(Beginning of RECORDS SUPPLIED)
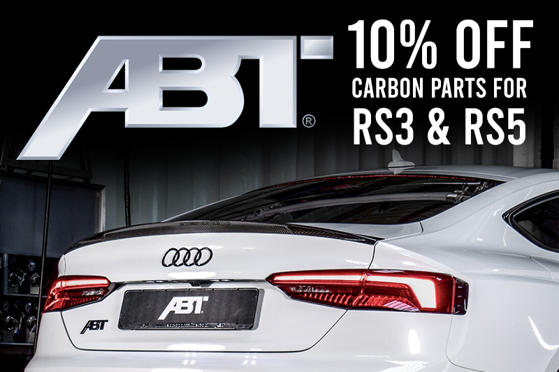 ABT Sportsline is kicking off a brand new Memorial Day Sale! For a limited time, save an additional m10% on tons of ABT Carbon Fiber Aerodynamic parts for Audi RS3 and RS5 models! This includes parts like rear spoilers, front lips, grille add-ons, rear skirts, and more!
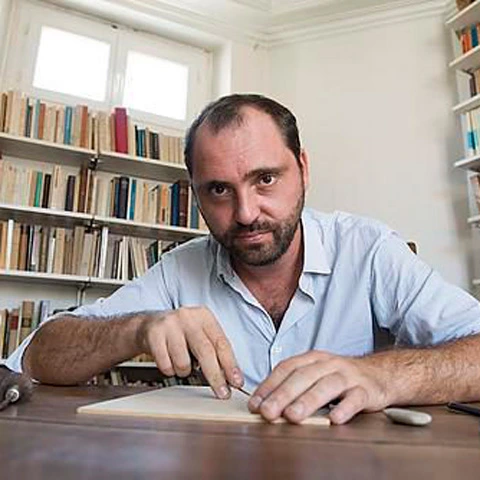 Né en 1979, Thomas Perino vit et travaille en région parisienne. Il est diplômé des Beaux-Arts de Paris en 2006 où il fréquente l’atelier de gravure. Dans ses œuvres, Thomas choisit de composer des images liées à la notion d’écriture et il entretient un rapport privilégié à la littérature. Les éléments graphiques comme l’opposition ligne /surface, droite/courbe, la rayure, le cercle constituent le vocabulaire de ses images. Chez lui, la notion de composition est essentielle avec un intérêt tout particulier pour «l’architecture de l’image » avec ses vides, ses pleins et ses plans dans l’espace. Il choisit la gravure sur bois pour son exigence de composition, sa nécessité de fabriquer la matrice en relief et à l’envers.
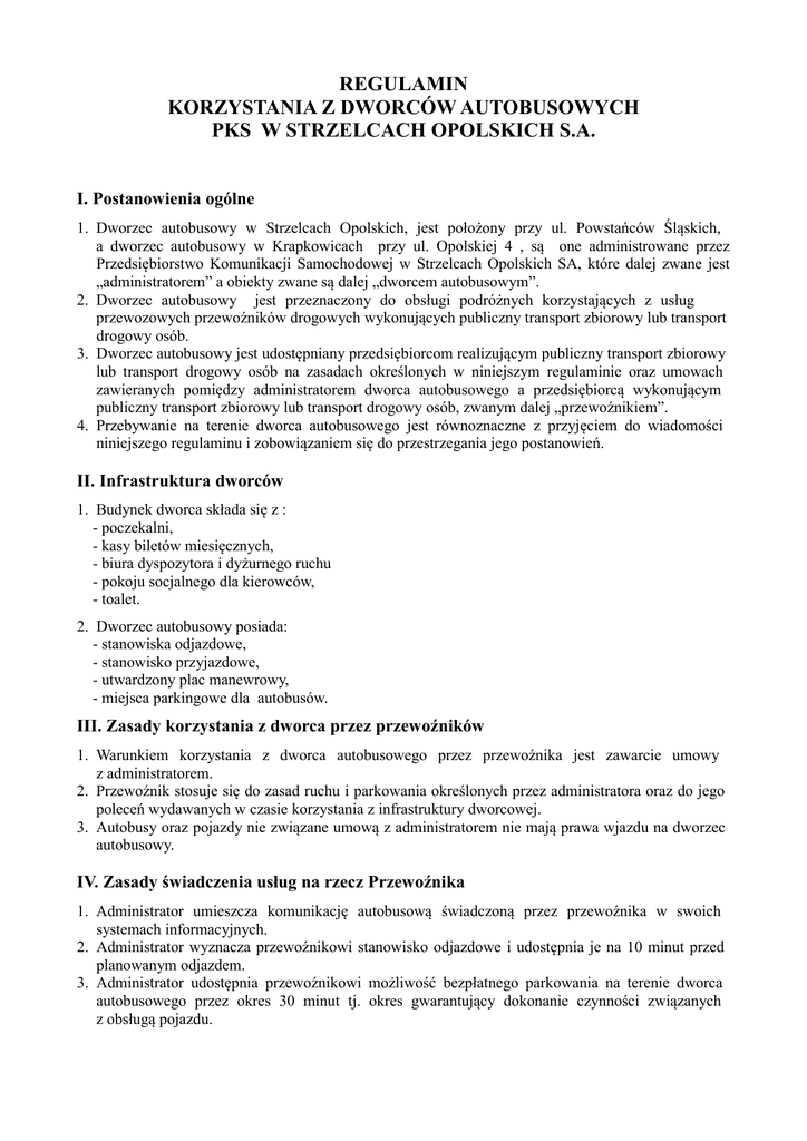 REGULAMIN KORZYSTANIA Z DWORCÓW AUTOBUSOWYCH PKS W STRZELCACH OPOLSKICH S.A. I. Postanowienia ogólne 1. Dworzec autobusowy w Strzelcach Opolskich, jest położony przy ul. Powstańców Śląskich, a dworzec autobusowy w Krapkowicach przy ul. Opolskiej 4 , są one administrowane przez Przedsiębiorstwo Komunikacji Samochodowej w Strzelcach Opolskich SA, które dalej zwane jest „administratorem” a obiekty zwane są dalej „dworcem autobusowym”. 2. Dworzec autobusowy jest przeznaczony do obsługi podróżnych korzystających z usług przewozowych przewoźników drogowych wykonujących publiczny transport zbiorowy lub transport drogowy osób. 3. Dworzec autobusowy jest udostępniany przedsiębiorcom realizującym publiczny transport zbiorowy lub transport drogowy osób na zasadach określonych w niniejszym regulaminie oraz umowach zawieranych pomiędzy administratorem dworca autobusowego a przedsiębiorcą wykonującym publiczny transport zbiorowy lub transport drogowy osób, zwanym dalej „przewoźnikiem”. 4. Przebywanie na terenie dworca autobusowego jest równoznaczne z przyjęciem do wiadomości niniejszego regulaminu i zobowiązaniem się do przestrzegania jego postanowień. II. Infrastruktura dworców 1. Budynek dworca składa się z : - poczekalni, - kasy biletów miesięcznych, - biura dyspozytora i dyżurnego ruchu - pokoju socjalnego dla kierowców, - toalet. 2. Dworzec autobusowy posiada: - stanowiska odjazdowe, - stanowisko przyjazdowe, - utwardzony plac manewrowy, - miejsca parkingowe dla autobusów. III. Zasady korzystania z dworca przez przewoźników 1. Warunkiem korzystania z dworca autobusowego przez przewoźnika jest zawarcie umowy z administratorem. 2. Przewoźnik stosuje się do zasad ruchu i parkowania określonych przez administratora oraz do jego poleceń wydawanych w czasie korzystania z infrastruktury dworcowej. 3. Autobusy oraz pojazdy nie związane umową z administratorem nie mają prawa wjazdu na dworzec autobusowy. IV. Zasady świadczenia usług na rzecz Przewoźnika 1. Administrator umieszcza komunikację autobusową świadczoną przez przewoźnika w swoich systemach informacyjnych. 2. Administrator wyznacza przewoźnikowi stanowisko odjazdowe i udostępnia je na 10 minut przed planowanym odjazdem. 3. Administrator udostępnia przewoźnikowi możliwość bezpłatnego parkowania na terenie dworca autobusowego przez okres 30 minut tj. okres gwarantujący dokonanie czynności związanych z obsługą pojazdu. V. Zasady poruszania się po terenie dworca autobusowego A. Ruch pieszy 1. Pieszy jest obowiązany korzystać z wyznaczonych ciągów komunikacyjnych. 2. Zabrania się: a) przechodzenia przez plac manewrowy, b) w razie konieczności przejścia przez plac manewrowy, zabrania się wychodzenia bezpośrednio przed jadący pojazd. B. Ruch pojazdów 1. Kierujący pojazdem zbliżając się do oznaczonych stanowisk odjazdowych na terenie dworca autobusowego jest obowiązany zmniejszyć prędkość a w razie potrzeby zatrzymać się aby umożliwić kierującemu pojazdem włączenie się do ruchu. 2. Kierujący pojazdem jest obowiązany: a) przy cofaniu ustąpić pierwszeństwa innemu pojazdowi lub uczestnikowi ruchu i zachować szczególną ostrożność, a w szczególności: - sprawdzić, czy wykonywany manewr nie spowoduje zagrożenia bezpieczeństwa ruchu lub jego utrudnienia, - upewnić się, czy za pojazdem nie znajduje się przeszkoda, w razie trudności w osobistym upewnieniu się kierujący jest obowiązany zapewnić sobie pomoc innej osoby. 3. Na terenie dworca autobusowego obowiązuje bezwzględny zakaz zatrzymywania się i postoju pojazdów na chodnikach, w miejscach oznaczonych właściwym znakiem zakazu oraz w miejscach postojowych przeznaczonych wyłącznie dla postoju pojazdów administratora. 4. Kierujący pojazdem jest obowiązany w czasie postoju zabezpieczyć pojazd przed możliwością jego uruchomienia przez osobę do tego nieuprawnioną oraz zachować inne środki ostrożności niezbędne do uniknięcia wypadku. C. Korzystanie z miejsc postojowych 1. Na terenie dworca autobusowego znajdują się wyznaczone miejsca postojowe przeznaczone dla autobusów i innych pojazdów mogących z nich korzystać. 2. Pozostawienie pojazdu na terenie dworca autobusowego nie powoduje zawarcia umowy przechowania tego pojazdu lub powstania innego zobowiązania, które obligowałoby administratora do ponoszenia odpowiedzialności za szkody powstałe w wyniku kradzieży, zniszczenia lub uszkodzenia pozostawionego pojazdu. Administrator nie ponosi również odpowiedzialności za rzeczy pozostawione w pojeździe lub stanowiące jego wyposażenie. 3. W miejscach wyznaczonych do postoju pojazdów zabronione jest: a) magazynowanie paliw, substancji łatwopalnych i pustych pojemników po paliwie, b) tankowanie pojazdów, c) mycie pojazdów, wymiana płynu chłodzącego, paliwa lub oleju, d) opróżnianie toalet, e) pozostawienie nieczystości. 4. Korzystający z miejsc postojowych obowiązani są respektować polecenia kierownictwa dworca autobusowego i służb porządkowych dotyczące obowiązujących na terenie obiektu zasad organizacji ruchu, parkowania pojazdów, porządku i bezpieczeństwa oraz warunków korzystania z usług dodatkowych. VI. Postanowienia porządkowe 1. W przypadku zanieczyszczenia dworca autobusowego płynami eksploatacyjnymi, nieczystościami stałymi lub w inny sposób należy je usunąć niezwłocznie we własnym zakresie lub zgłosić obsłudze dworca autobusowego. Za czynności usunięcia zanieczyszczeń uczestnik ruchu zostanie obciążony kosztami ich wykonywania. 2. W przypadku pozostawienia pojazdu w miejscu gdzie jest to zabronione i utrudnia ruch lub w inny sposób zagraża bezpieczeństwu czy utrudnia prowadzenie akcji ratowniczej pojazd zostanie usunięty na koszt i ryzyko posiadacza lub właściciela pojazdu za pośrednictwem Policji. 3. Pojazd pozostawiony bez tablic rejestracyjnych lub pojazd, którego stan wskazuje na to, 
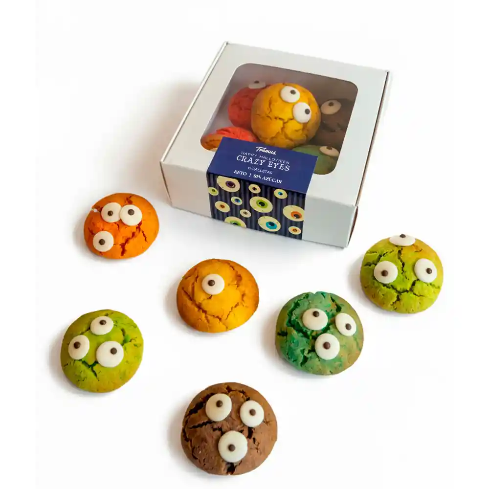 Las Crazy Eyes Tremus son unas irresistibles galletas craqueladas edición Halloween, elaboradas de forma artesanal y pensadas para quienes buscan disfrutar saludablemente. Su textura suave por dentro y levemente crocante por fuera se logra gracias a una base de harina de almendras sin piel, endulzada con alulosa 100% y aromatizada con vainilla y ralladura de limón. Cada unidad está decorada a mano. Con solo 1,6 g de carbohidratos por porción, son una opción keto, baja en carbohidratos y sin azúcar añadida, perfecta para disfrutar en celebraciones o como snack saludable durante Halloween. El pack de 6 unidades ofrece sabor, color y equilibrio en cada bocado, con la calidad artesanal y el sello inconfundible de Tremus.
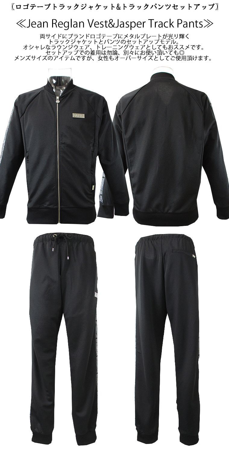 両サイドにブランドロゴテープにメタルプレートが光り輝くトラックジャケットとパンツのセットアップモデル。
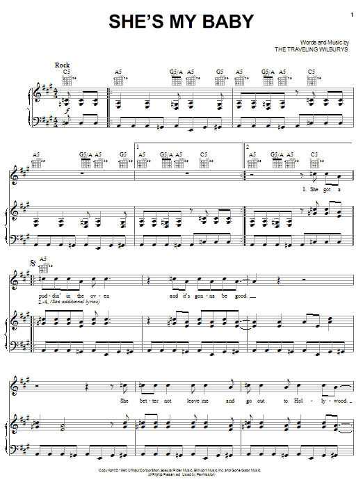 Download or print The Traveling Wilburys She's My Baby sheet music, chords and digital score arranged for Piano, Vocal & Guitar Chords (Right-Hand Melody). This Pop score includes 4 page(s).
(End of RECORDS SUPPLIED)
WORK INSTRUCTIONS — An exact reproduction of the lines from the line containing "両サイドにブランドロゴテープ" through the end of the listing above is needed; pictures stay out.

OUTPUT FOR THIS TASK —
 両サイドにブランドロゴテープにメタルプレートが光り輝くトラックジャケットとパンツのセットアップモデル。
 Download or print The Traveling Wilburys She's My Baby sheet music, chords and digital score arranged for Piano, Vocal & Guitar Chords (Right-Hand Melody). This Pop score includes 4 page(s).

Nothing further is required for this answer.